**PROBLEM DETAILS:** Take the material below and extract the lines from the one with "A Seiko Prospex" through the one with "Ny Collection Plus", word for word, without pictures.

**DATASET CONTENT:**
=======

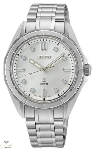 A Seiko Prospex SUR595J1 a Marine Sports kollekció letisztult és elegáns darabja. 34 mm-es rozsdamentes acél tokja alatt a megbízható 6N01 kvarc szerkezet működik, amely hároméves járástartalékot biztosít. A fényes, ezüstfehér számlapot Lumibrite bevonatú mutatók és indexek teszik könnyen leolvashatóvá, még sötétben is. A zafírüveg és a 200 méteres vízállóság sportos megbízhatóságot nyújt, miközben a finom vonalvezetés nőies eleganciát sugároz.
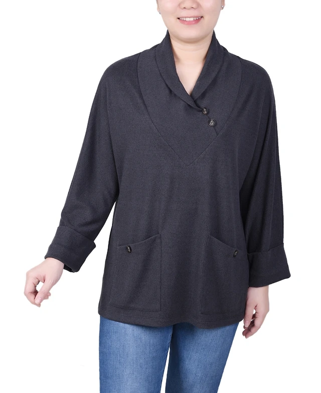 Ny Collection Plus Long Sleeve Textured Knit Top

=======

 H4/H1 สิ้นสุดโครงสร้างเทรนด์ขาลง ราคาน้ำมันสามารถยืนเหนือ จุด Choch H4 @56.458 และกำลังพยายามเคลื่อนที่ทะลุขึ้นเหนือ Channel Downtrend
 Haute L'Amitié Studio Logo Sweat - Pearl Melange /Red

=======

**RESULT FOR THIS TASK:**
 A Seiko Prospex SUR595J1 a Marine Sports kollekció letisztult és elegáns darabja. 34 mm-es rozsdamentes acél tokja alatt a megbízható 6N01 kvarc szerkezet működik, amely hároméves járástartalékot biztosít. A fényes, ezüstfehér számlapot Lumibrite bevonatú mutatók és indexek teszik könnyen leolvashatóvá, még sötétben is. A zafírüveg és a 200 méteres vízállóság sportos megbízhatóságot nyújt, miközben a finom vonalvezetés nőies eleganciát sugároz.
 Ny Collection Plus Long Sleeve Textured Knit Top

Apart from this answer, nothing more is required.